Dicrossus filamentosus - hopefully I'll have some soon!


----------



## Six (May 29, 2006)

Apisto elizabethae as soon as i have the tank space and funds to get them. my fav fish besides t. canditi


----------



## LindaC (Nov 7, 2005)

There are two fish I would love to try and they are: Discus and Apisto elizabethae. Although if I do try my hand at raising Discus, I will have to get a much larger tank.....another wish of mine..*EG*


----------



## AaronT (Apr 26, 2004)

Pseudomogil furcatus
Rasbora vaterifloris

I can't find more furcatus to save my life. The LFS used to have them all of the time.

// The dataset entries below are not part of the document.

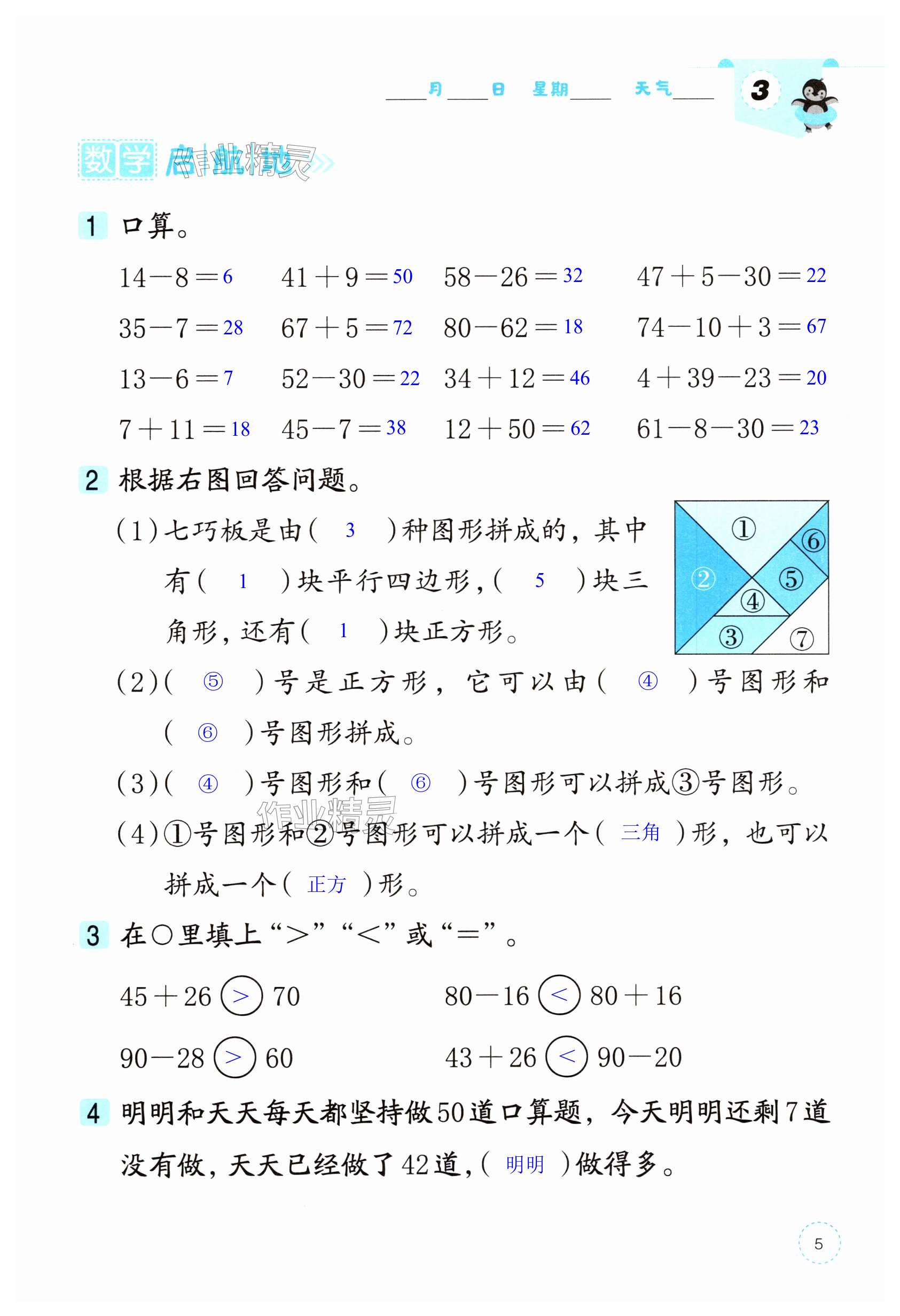 注:目前有些书本章节名称可能整理的还不是很完善,但都是按照顺序排列的,请同学们按照顺序仔细查找。练习册 2025年暑假学习乐园浙江科学技术出版社一年级数学 答案主要是用来给同学们做完题方便对答案用的,请勿直接抄袭。
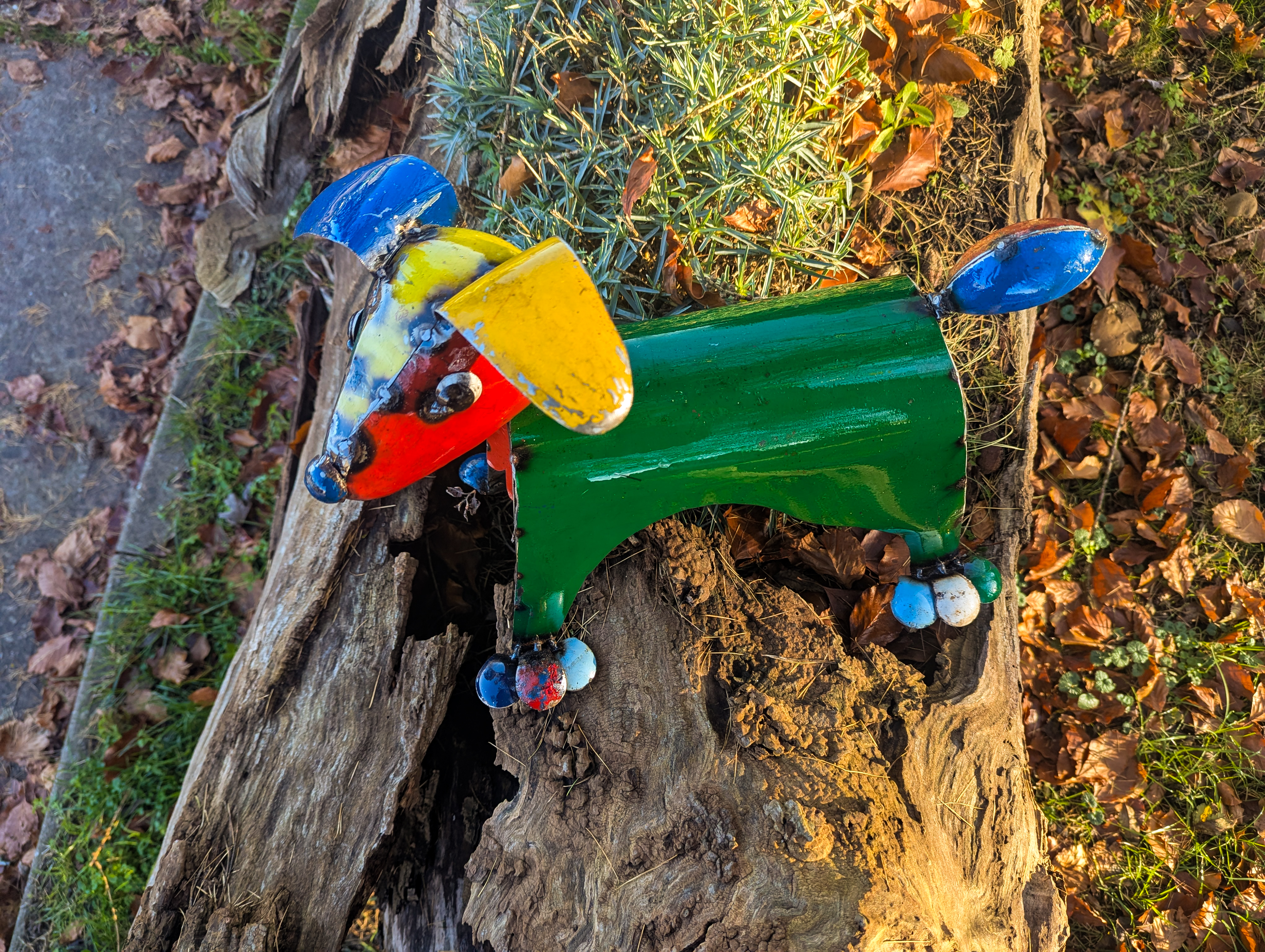 Celebrate eco-friendly artistry with this striking standing dog sculpture, handcrafted from repurposed oil drums. Each piece is unique, highlighting the rich textures, patina, and character of recycled metal. Handcrafted in Vietname from recycled oil drums this makes it a captivating addition to any space.
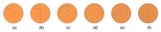 Considered variants of wire discretization. (a) = 1; (b) = 4; (c) = 16; (d) = 36; (e) = 64; (f) = 100.
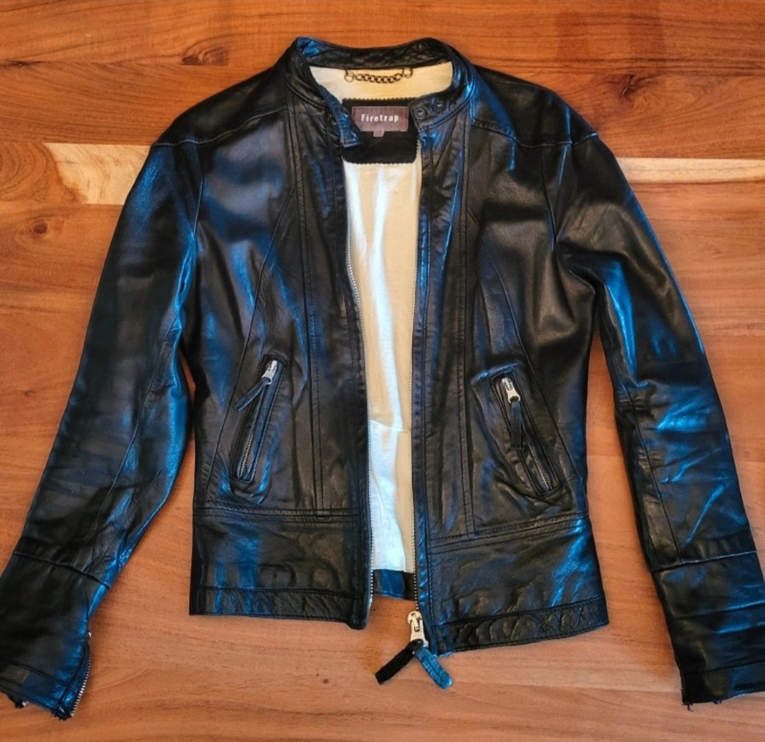 Original Firetrap 100% leather women's black vintage motorcycle jacket bought in London, UK. Design: Stand collar leather jacket, classic fit and windproof. Biker style. Perfect coat to wear in spring and fall. Warm, stylish and timeless. Front smooth zip-up closure. Solid hardware. Two side zip pockets. Occasion: Daily casual wear, holidays, travel outfit, party wear, outdoor activities. All seasons, suitable for autumn, winter, spring, and cool summer nights. Great condition, no damage. A few marks on the inner lining, could use a dry clean. See photos for accurate description. Pick up at College and Shaw. Check out my other listings that might be of interest.
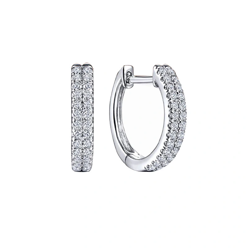 أقراط ألماس دائرية مزدوجة الصف من الطراز الفرنسي الأوروبي والأمريكي مرصعة بالنحاس وأقراط من الزركون وأقراط مستديرة للوجه النحيف للبيع بالجملة
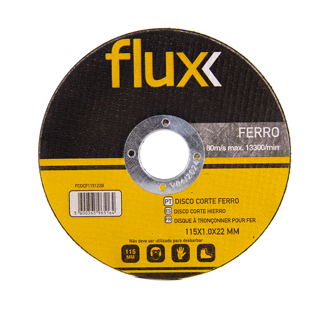 Disco corte de ferro Flux para utilização em rebarbadoras de qualquer potência.

I did pick up some nice Sundadanio axelrodi the other day though. 18 for $22.50


----------



## rs79 (Dec 7, 2004)

I've had nearly all the fish lsted so far. The ones that really stick out are the annulatus and the microrasbora. Utterly worth it and nicer than even seems possible.


----------



## AaronT (Apr 26, 2004)

I agree, the annulatus are amazing. I've never kept them because I like my tanks open top style and killies like to jump.


----------



## Six (May 29, 2006)

AaronT said:


> I did pick up some nice Sundadanio axelrodi the other day though. 18 for $22.50


That's a great deal. I can't imagine that is much over wholesale, actually. I wonder how many will live, they seem to be very finiky fish. Keep us posted


----------